Court of Appeals of Kentucky, 2025

Ronald Williams v. Commonwealth of Kentucky

Ronald Williams v. Commonwealth of Kentucky
Court of Appeals of Kentucky · Decided April 4, 2025 · Easton

Ronald Williams v. Commonwealth of Kentucky

Opinion

RENDERED: APRIL 4, 2025; 10:00 A.M.

NOT TO BE PUBLISHED Commonwealth of Kentucky Court of Appeals NO. 2024-CA-0012-MR

RONALD WILLIAMS APPELLANT

APPEAL FROM GRAYSON CIRCUIT COURT v. HONORABLE KENNETH HAROLD GOFF, II, JUDGE ACTION NO. 21-CR-00262

COMMONWEALTH OF KENTUCKY APPELLEE

OPINION AFFIRMING ** ** ** ** ** BEFORE: EASTON, L. JONES, AND MCNEILL, JUDGES.

EASTON, JUDGE: Ronald Williams (“Williams”) entered a conditional guilty plea to several drug-related charges. After a remand by this Court for necessary findings of facts, Williams again appeals the Grayson Circuit Court’s order denying his motion to suppress evidence obtained pursuant to a search warrant of his residence. Finding no error, we affirm.

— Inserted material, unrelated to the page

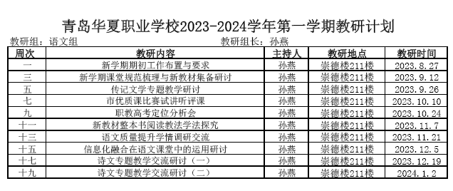 青島華夏職業(yè)學(xué)校2023-2024學(xué)年第一學(xué)期教研活動
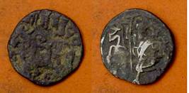 | Description / विवरण | Descrpn./Obv Recumbent bull facing left, wearing jhula (saddle cloth), with trisula (trident) symbol on rump. Above, legend in Sarada script Sri Samantadeva . Descrpn./Rev Rider with lance on caparisoned horse facing right. On left, Sarada letter bhi and on right, Sarada letter ta |

FACTUAL AND PROCEDURAL HISTORY In July 2021, a search warrant was issued for Williams’s residence, vehicle, and person. When this search warrant was executed, illegal drugs were found, which led to the charges against Williams. In January 2022, Williams filed a pro se motion which stated in full: “[T]he Defendant Ronald Dale Williams Jr. comes before the Grayson County Court to file a motion for a Franks[1] hearing.

This motion is to be heard on the next available court date.” Williams’s appointed counsel later explained to the circuit court that the motion was to suppress evidence because Williams believed the search warrant was insufficient to state probable cause.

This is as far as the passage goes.